Center for International Maritime Security

La torpille : facilitateur d’une attaque asymétrique….

L’asymétrie est un mot très populaire de nos jours et, à mon avis, un mot appliqué trop fréquemment à trop de choses. Le professeur Robert Farley fait remarquer que les attentes asymétriques sont à la base des décisions concernant toutes les batailles. « Les combattants s’engagent parce qu’ils ont des attentes différentes quant aux résultats probables », explique-t-il. Mais toutes les recherches pour obtenir un avantage dans une bataille ne sont pas asymétriques. L’utilisation de tous les moyens et conditions disponibles pour déséquilibrer un adversaire est au cœur de la stratégie indirecte de Liddell Hart. Alors peut-être que revenir à la symétrie et se concentrer conceptuellement sur la guerre symétrique permettrait de faciliter la compréhension de problèmes complexes liés aux rôles et à la conception des navires.

L’asymétrie est une stratégie du faible contre le fort. Un côté n’a pas la possibilité d’affronter son adversaire coup pour coup, et utilise plutôt un type d’attaque pour lequel l’adversaire plus fort a développé des défenses inefficaces. Il s’agit plus d’un cadre conceptuel que de quelque chose lié à une arme particulière, et en fait la même arme peut être à la fois une attaque asymétrique ou symétrique selon son utilisation. Des torpilles lancées par un destroyer contre un cuirassé constituent une guerre asymétrique, mais lancées contre un autre destroyer filtrant ce cuirassé, elles deviennent symétriques. La doctrine et les capacités anti-accès de la marine de l’APL sont asymétriques par rapport à la marine américaine, mais les mêmes capacités liées à un concept plus mahanien seraient symétriques par rapport aux forces JMSD, ou écrasantes par rapport à la marine vietnamienne. Dans le dernier cas, nous assisterions à une inversion des rôles.

L’asymétrie est également un phénomène transitoire. L’utilisation des torpilleurs était considérée par la Jeune Ecole comme une stratégie asymétrique visant la Royal Navy britannique et son commerce, mais très vite les Britanniques ont su maîtriser cette menace et rétablir la symétrie en créant le destroyer.
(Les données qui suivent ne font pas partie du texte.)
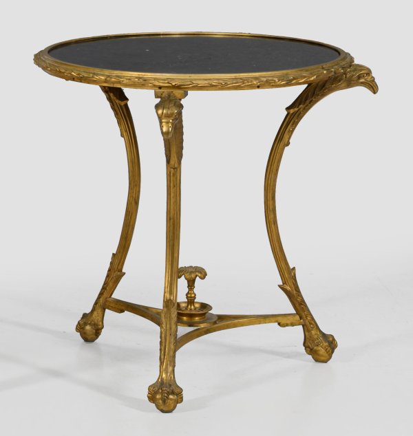 Bronze und schwarzer Marmor. Stark geschwungene Streben mit plastischen Adlerköpfen und Klauenfüßen, durch schmale, gebogte Stege mit Vasenbekrönung verbunden. Runde Deckplatte mit umlaufendem Profil aus Lorbeerblatt. H. 54 cm. D. 52 cm.

La même torpille, soutenue par un excellent entraînement, faisait partie d’une stratégie asymétrique de la marine impériale japonaise dans les actions de nuit contre l’homologue américain (localement) numériquement supérieur. Le radar a rapidement annulé ce concept, bien que, comme l’a noté le capitaine Wayne Hughes dans son ouvrage Fleet Tactics and Coastal Combat, la marine américaine ait mis du temps à saisir le concept d’utilisation du radar, malgré le fait qu’il était déjà techniquement en service lors de la bataille de l’île Savo.

…et des surprises en yaourt glacé!

L’avantage de revenir conceptuellement à la symétrie comme principe directeur se voit dans la façon dont les navires de guerre étaient construits et conçus dans le passé. Un cuirassé était censé porter des armes offensives capables de détruire la flotte de combat d’un ennemi. Dans le même temps, un blindage devait lui assurer une protection contre des adversaires similaires (symétriques). Dans le cas des croiseurs, la situation était différente, principalement en raison des limitations imposées par le traité de Washington, mais les derniers croiseurs conçus sans de telles limitations sont revenus à la nécessité de combattre des adversaires de la même classe. Pour les navires modernes, il serait beaucoup plus facile de penser en termes de mission primaire, tout en prenant comme règle la capacité de combattre un adversaire de classe similaire.

En regardant un exemple contemporain, la mission primaire de l’ensemble de missions de guerre de surface du LCS est de contrer les menaces asymétriques, comme l’attaque en essaim, mais il manque de capacités pour contrer un adversaire symétrique comme une corvette à missiles. Mon analyse peut être considérée comme une simplification excessive, mais elle peut néanmoins contribuer à encadrer une partie de ce qui devrait être un discours rationnel entre des personnes qui n’ont aucune chance de s’attaquer aux CONOPS du monde réel. J’aime la façon dont le premier maître Brett F. Ayer explique les besoins en matière de coupeurs de patrouille hauturiers.